As of the end of the period covered by the report, the Company carried out an
evaluation, under the supervision and with the participation of the Company's
management, including the Company's Principal Executive Officer and Principal
Financial Officer, of the effectiveness of the design and operation of the
Company's disclosure controls and procedures pursuant to Exchange Act Rule
13a-14. Based upon the foregoing, the Company's Principal Executive Officer and
Principal Financial Officer concluded that the Company's disclosure controls and
procedures are effective in timely alerting them to material information
relating to the Company (including its consolidated subsidiary) required to be
included in the Company's Exchange Act reports. There have been no significant
changes in the Company's internal controls or in other factors which could
significantly affect internal controls subsequent to the date the Company
carried out its evaluation.


                                        6

ITEM 8B.  OTHER  INFORMATION

None.

                                    PART III

ITEM 9. DIRECTORS, EXECUTIVE OFFICERS, PROMOTERS AND CONTROL PERSONS; COMPLIANCE
        WITH  SECTION  16(A)  OF  THE  EXCHANGE  ACT.

Mr. Steven H. Cardin, 55, an economist, formerly with The Conference Board and
the consulting firm, National Economics Research Associates, has been Chairman
and CEO of the Company for over five years, and a Director since 1984. Mr.
Jeffrey S. Chernow, 54, a lawyer, formerly Director of Enforcement in the
Division of Securities, State of Maryland, Office of the Attorney General, has
been in private practice in Maryland for over five years, and a Director since
1989. Mr. Stephen F. Fante, 50, a CPA, formerly Chairman and CEO of IMS, which
provided computerized accounting systems to the oil and gas industry and was a
reseller of microcomputer products to the Fortune 1000, and formerly Chairman
and CEO of Seca Graphics, Inc., which provided design and mapping services and
software to the cable television and telecommunications industries, has been a
private investor for the last five years, and a Director since 1989.

The Board of Directors has a separately-designated standing Audit Committee
which is comprised of Mr.

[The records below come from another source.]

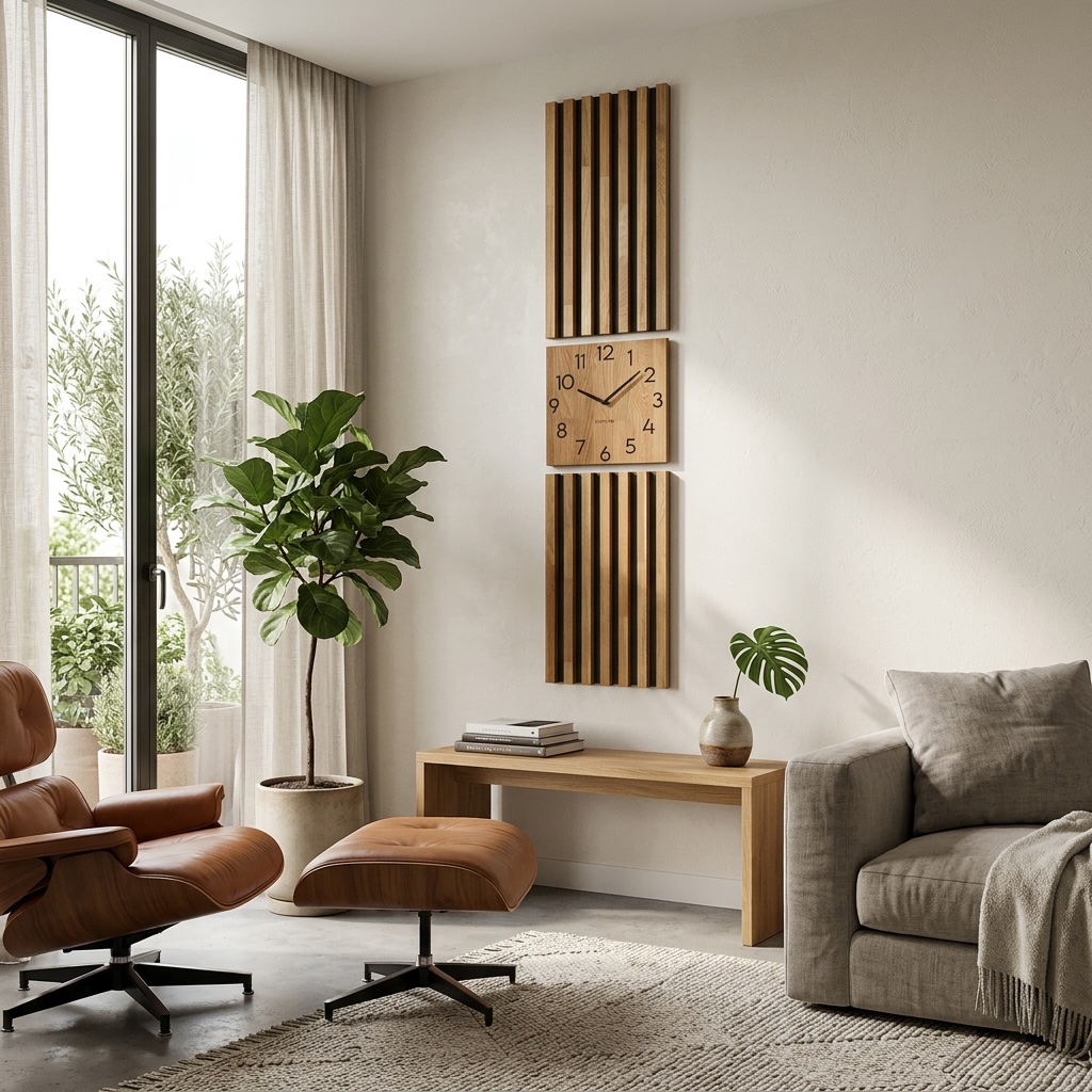 Montaż produktu jest sprawą banalną. Elementy dekoracji nie kleimy do ściany, a zawieszamy je na wkrętach. Daje to możliwość łatwej relokacji dekoracji. Ułatwia też remont pomieszczenia. Wystarczą 3 wkręty w ścianie i dekoracja może zacząć zdobić wnętrze. Obejrzyj krótki film, na którym pokazujemy jak zawiesić kompozycję lamel i zegara.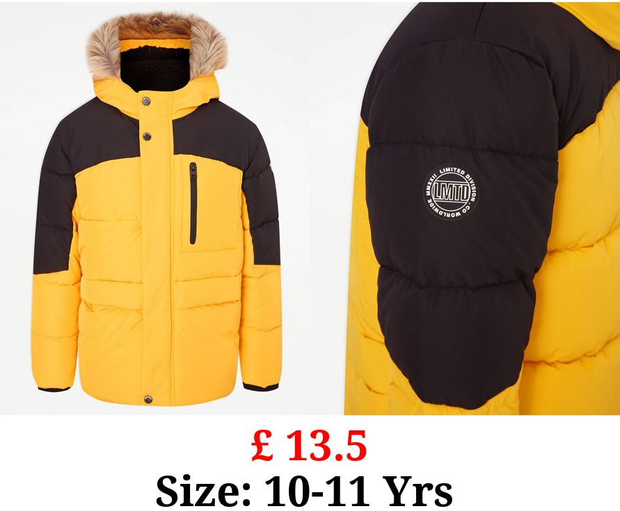 £ 13.5 Yellow Faux Fur Trim Padded Coat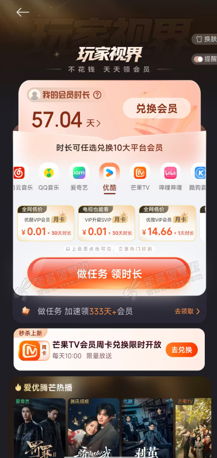 《小米钱包》,可以白嫖视频网站的会员,每天看几个广告就可以领取会员时长,我已经实现会员自由了,缺点就是一个月最多换一个会员,除非有两个小米账号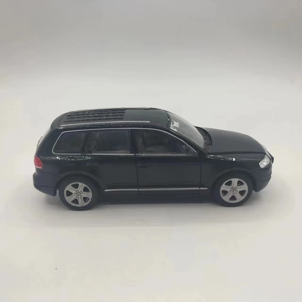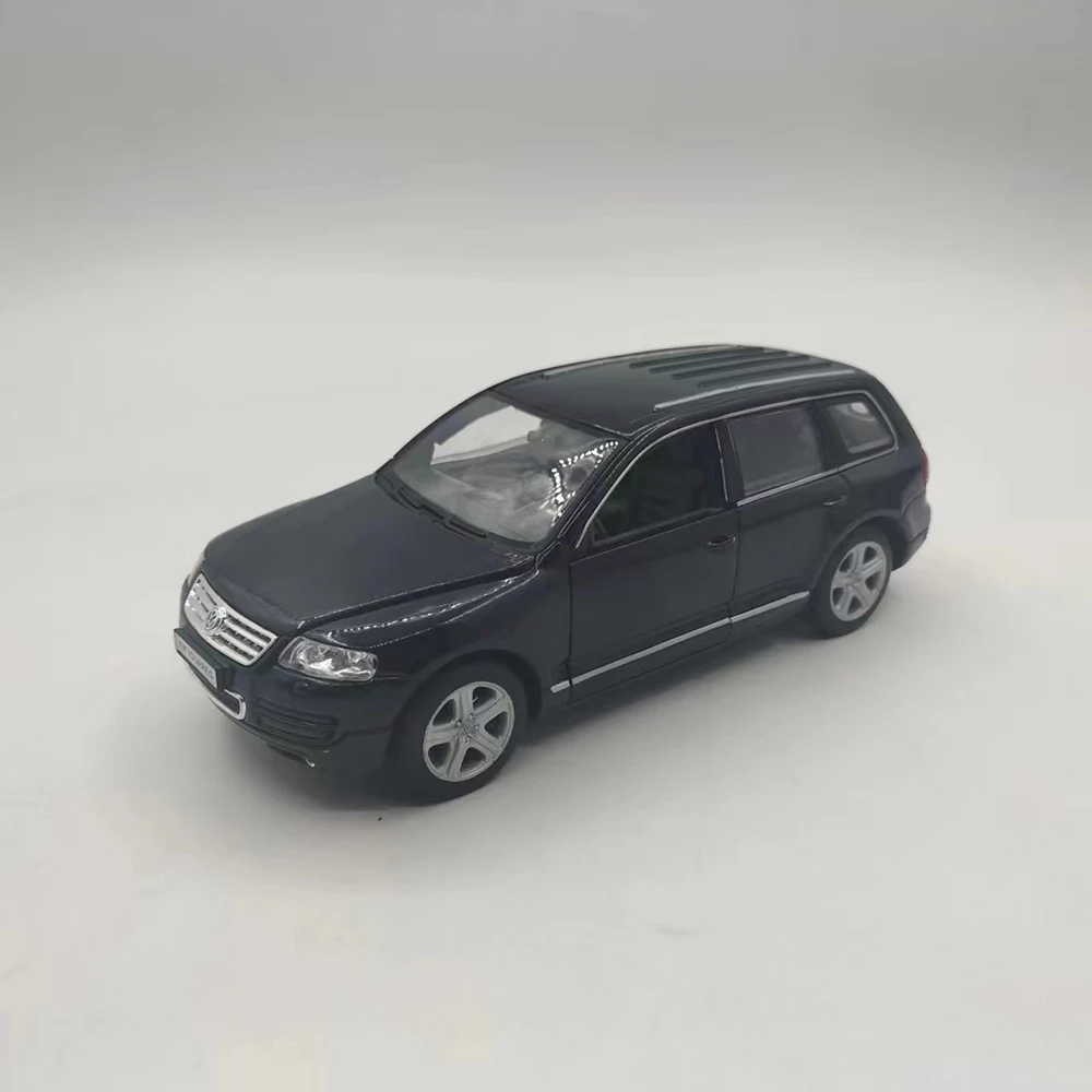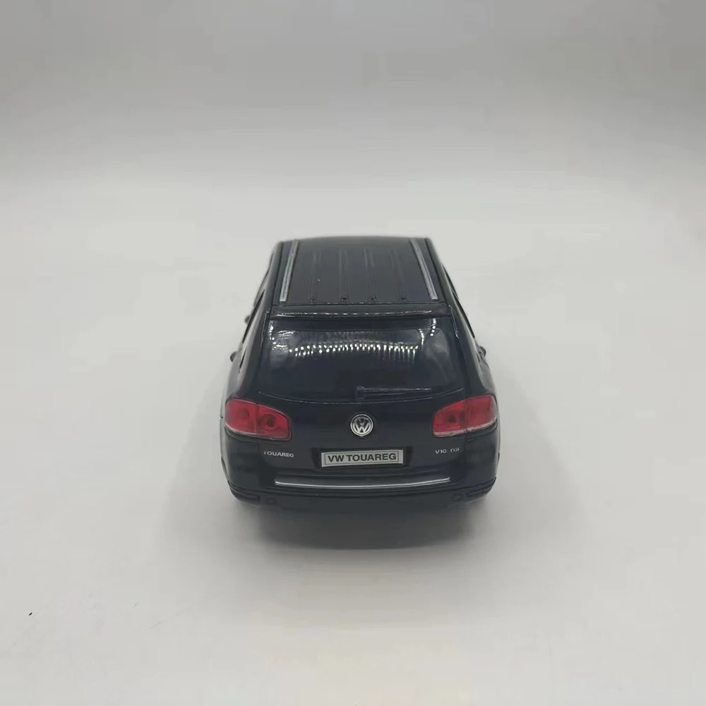 Experience the allure of this meticulously crafted miniature Volkswagen Touareg Station Wagon model. Designed at a 1:24 scale, it captures the sleek, refined lines of the original vehicle with an alloy body complemented by plastic details. The black finish offers a polished, eye-catching appearance, evoking a sense of sophistication. This collectible model features movable parts, including rotating wheels, opening front doors, and a functional front hood, allowing for dynamic display options. Despite minor surface flaws like rash or missing paint, the model maintains its realistic charm. Perfect for collectors and enthusiasts, you can imagine showcasing your own detailed vehicle display or gifting a passionate hobbyist with this refined replica. Enhance your collection with this compelling and authentic miniature.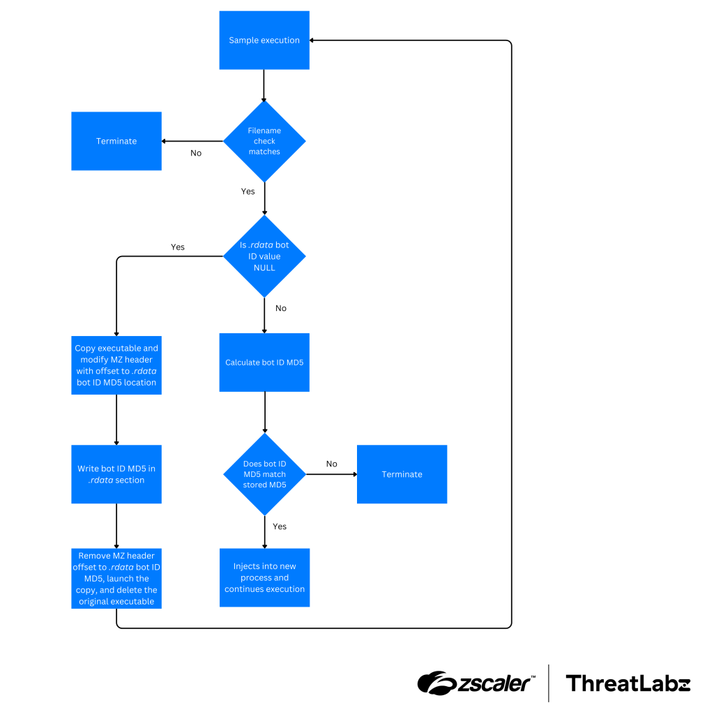 Zloader then retrieves a value within the executable’s .rdata section, which will be NULL if the Zloader executable has not been used to infect a system. If the Zloader executable has been used to infect a system, this value will be filled in by Zloader as part of the infection process. If the MD5 hash of the bot ID matches the expected value after installation, Zloader will continue execution. However, if this field is not NULL and does not match the expected hash value of the bot ID, Zloader will terminate. This environment check serves as an indication to the malware that the Zloader executable has been transferred to another environment (e.g., a malware sandbox or an analyst system).

Fante and Mr. Chernow. The Board of Directors has
determined that the Company has at least one Audit Committee Financial Expert
serving on its Audit Committee: Mr. Fante is an Audit Committee Financial
Expert, and he is independent, as that term is used in Item 7(d)(3)(iv) of
Schedule 14A under the Exchange Act.

Messrs. Chernow's, Cardin's, and Fante's terms as Directors continue until their
successors are duly elected and qualified. The Company has adopted a code of
ethics that applies to its principal executive officer, principal financial
officer, principal accounting officer or controller, or persons performing
similar functions.

ITEM 10.  EXECUTIVE  COMPENSATION.

Each Director who is not also an officer of the Company receives $750 per month
for service as a Director. No additional fees are paid for service on Committees
of the Board or for attendance at Board or Committee Meetings. In 1998, the
Company's two non-executive Directors each purchased 155,544 shares of the
Company's Common Stock from the Company at a price of $0.17 per share in
exchange for notes receivable from each of $26,500. The notes are non-recourse,
secured by the respective shares, bear interest at the Applicable Federal Rate,
and due on September 30, 2006. The principal amount of the notes can be paid
with shares of the Company's Common Stock. The Company will reimburse the
Directors for interest expense related to the notes and will indemnify them
against additional tax due as a result of such reimbursement and
indemnification.

Mr. Cardin has an Employment Agreement with the Company that was effective
October 1, 2001, that has an initial term of five years, and that provides that
Mr. Cardin is to receive a base salary of $191,000 per annum, escalating at no
less than 5% per annum, and an annual bonus of no less than 10% of the Company's
earnings before tax. Pursuant to the agreement, Mr. Cardin purchased from the
Company 2,383,615 shares of the Company's Common Stock at a price of $.09375 per
share and 1,376,249 shares at a price of $0.06 per share in exchange for a note
receivable from him of $306,000. The note is non-recourse, is secured by the
shares, bears interest at the Applicable Federal Rate, and is due at the end of
the term of the Employment Agreement. The principal amount of the note can be
paid with shares of the Company's Common Stock. The Company will reimburse Mr.
Cardin for interest expense related to the note and will indemnify him against
additional tax due as a result of such reimbursement and indemnification.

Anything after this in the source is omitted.